Beran M, Kantarjian H
M.D. Anderson Cancer Center, Houston, TX, USA.
Semin Hematol. 1998 Jul;35(3 Suppl 4):26-31.
Myelodysplastic syndromes (MDS) and chronic myelomonocytic leukemia (CMML) are heterogeneous disorders for which there exist few active therapies and where the standard of care is still considered supportive. Identification of new effective therapies in MDS and CMML is a high priority for hematologic oncologists. We have evaluated the efficacy of single-agent topotecan, a topoisomerase I inhibitor, in patients with MDS (refractory anemia with excess blasts [RAEB] and refractory anemia with excess blasts in transformation [RAEB-T]) and CMML. Sixty patients (MDS = 30; CMML = 30) with a median age of 66 years were treated. Chromosomal abnormalities were present in half of the patients, as was thrombocytopenia. Topotecan was administered at 2 mg/m2 by continuous intravenous infusion over 24 hours daily for 5 days every 4 to 6 weeks until remission, followed by one course every 4 to 8 weeks for a maximum of 10 courses. Nineteen patients (32%) achieved a complete response (CR); seven had hematologic improvement. CRs were observed in 11 of 30 patients with MDS (37%) and eight of 30 patients with CMML (27%). Conversion to diploid karyotype was observed in eight patients with karyotypic abnormalities at diagnosis who later achieved a CR. History of prior chemotherapy and monocytosis was associated with poor prognosis. Mutation of the RAS oncogene was found in six CMML patients (20%), and none responded to topotecan therapy. The estimated 12-month survival rate was 33%, the median survival time was 9.3 months, and the median remission duration was 7 months. The most significant toxicities were gastrointestinal, including mucositis (67%; severe 23%) and diarrhea (38%; severe 17%). Febrile episodes were noted in 85% of the patients, while documented infection occurred in 47%. Topotecan has demonstrated significant single-agent activity in MDS and CMML with generally manageable side effects. Future studies will evaluate topotecan-based combination therapies with topoisomerase II reactive agents, cytarabine, alkylating agents, and hypomethylating agents.
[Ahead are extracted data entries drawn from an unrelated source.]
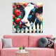 Toile Holstein Picket de vache clôture Roses rouges Noir
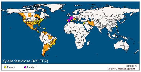 - Xylella fastidiosa (XYLEFA) [World Distribution] | EPPO Global Database. Available online: https://gd.eppo.int/taxon/XYLEFA/distribution (accessed on 9 September 2024).
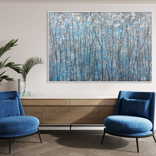 Tranquil Blue Forest: Calming Oil Painting for Modern Home Décor
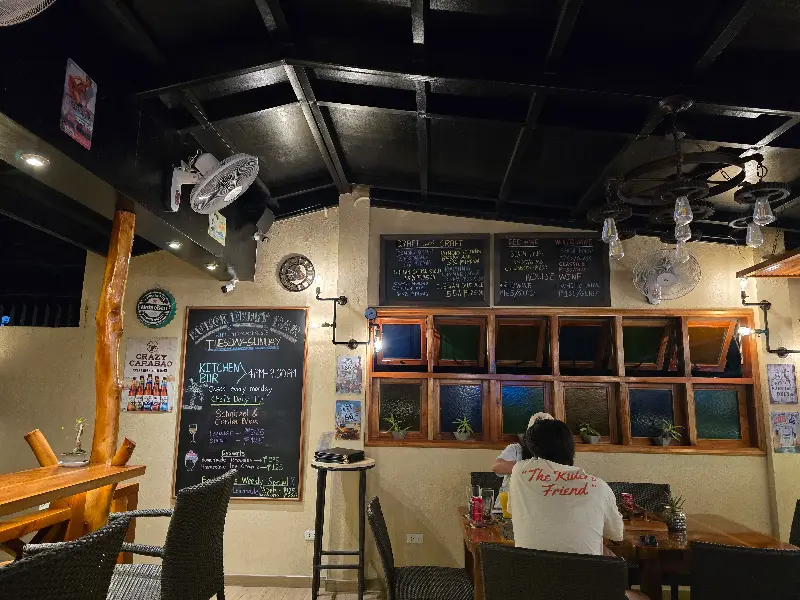 문을 열고 들어선 순간, 눈앞에 펼쳐진 풍경은 필리핀이 아닌 마치 유럽의 어느 작은 맛집에 와 있는 듯한 착각을 불러일으켰다. 벽돌과 나무로 꾸며진 인테리어, 은은한 조명 아래 놓인 테이블, 그리고 흘러나오는 잔잔한 음악까지 모든 요소가 완벽하게 조화를 이루며 아늑하고 편안한 분위기를 자아냈다. 한쪽 벽면에는 다양한 종류의 맥주병이 진열되어 있었는데, 마치 작은 맥주 박물관을 연상케 했다.
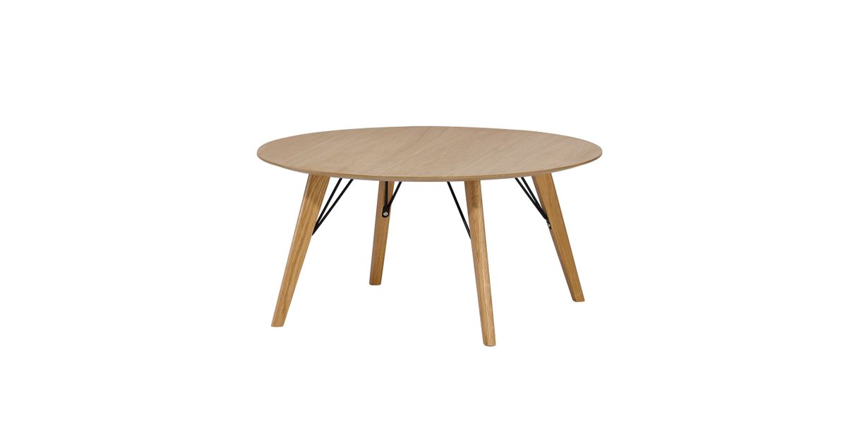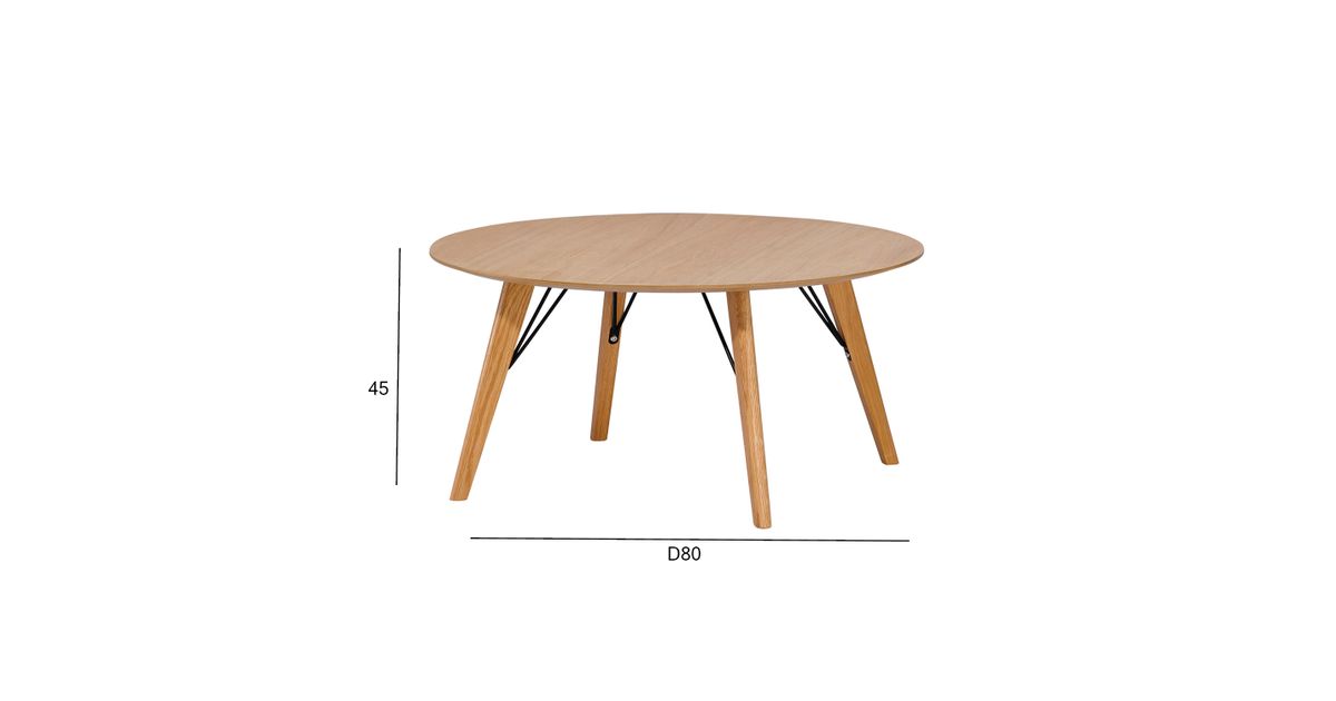 Coffee table HELENA D80xH45cm. Tabletop: 18mm MDF with natural oak veneer, lacquered. Oak wood legs with metal reinforcements.
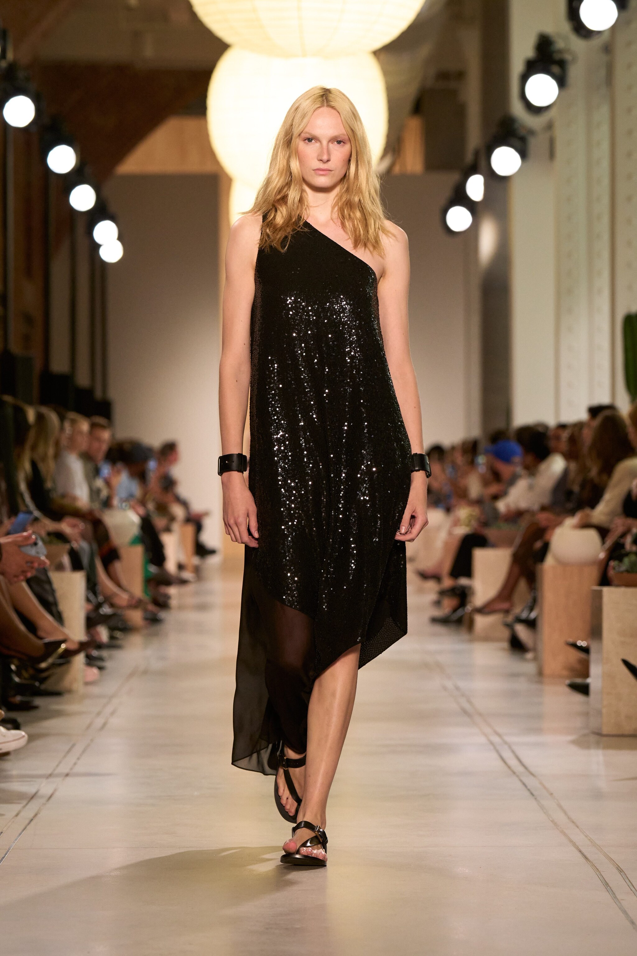 Sinuosi drappeggi e abiti foulard, modelli kimono o con gonne simmetriche e ancora suits oversize, fantasie rigate e accenti di rosa sfilano a New York sulla passerella Primavera/Estate 2026 di Michael Kors Collection
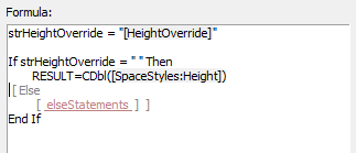 The space object has a single numeric value for its height, which is adequate for the majority of spaces in a room schedule. However, to get more control over how space heights are displayed for rooms without flat ceilings, you can create a formula that returns a text override, such as “Vaulted” for a cathedral ceiling, or return the actual height. The completed worksheet for such a formula is shown below.
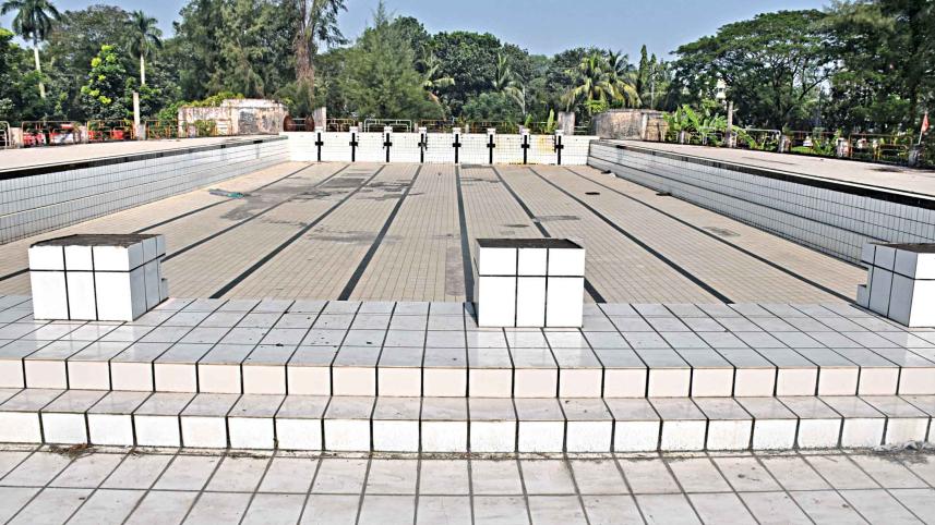 One such venue is the lone swimming pool in Rajbari district town. The swimming pool that was constructed on three acres of land at a cost of Tk 3.37 crores in 2003, has remained unused for the past one-and-a-half year due to lack of fund.

骨髓增生异常综合征(MDS)和慢性粒单核细胞白血病(CMML)是异质性疾病,针对它们的有效治疗方法很少,目前的标准治疗仍被认为是支持性治疗。确定MDS和CMML的新有效治疗方法是血液肿瘤学家的当务之急。我们评估了拓扑替康(一种拓扑异构酶I抑制剂)单药治疗MDS(伴有过多原始细胞的难治性贫血[RAEB]和转化中的伴有过多原始细胞的难治性贫血[RAEB-T])和CMML患者的疗效。对60例患者(MDS = 30例;CMML = 30例)进行了治疗,患者的中位年龄为66岁。一半患者存在染色体异常,血小板减少的情况也很常见。拓扑替康以2 mg/m²的剂量通过持续静脉输注,每天24小时给药,共5天,每4至6周重复一次,直至缓解,随后每4至8周进行一个疗程,最多进行10个疗程。19例患者(32%)达到完全缓解(CR);7例有血液学改善。30例MDS患者中有11例(37%)达到CR,30例CMML患者中有8例(27%)达到CR。在诊断时存在核型异常且后来达到CR的8例患者中观察到核型转变为二倍体。既往化疗史和单核细胞增多与预后不良相关。在6例CMML患者(20%)中发现RAS癌基因突变,这些患者对拓扑替康治疗均无反应。估计12个月生存率为33%,中位生存时间为9.3个月,中位缓解持续时间为7个月。最显著的毒性反应是胃肠道反应,包括黏膜炎(67%;严重程度为23%)和腹泻(38%;严重程度为17%)。85%的患者出现发热,47%的患者有记录的感染。拓扑替康在MDS和CMML中显示出显著的单药活性,且副作用总体上易于控制。未来的研究将评估拓扑替康与拓扑异构酶II反应剂、阿糖胞苷、烷化剂和去甲基化剂联合治疗的效果。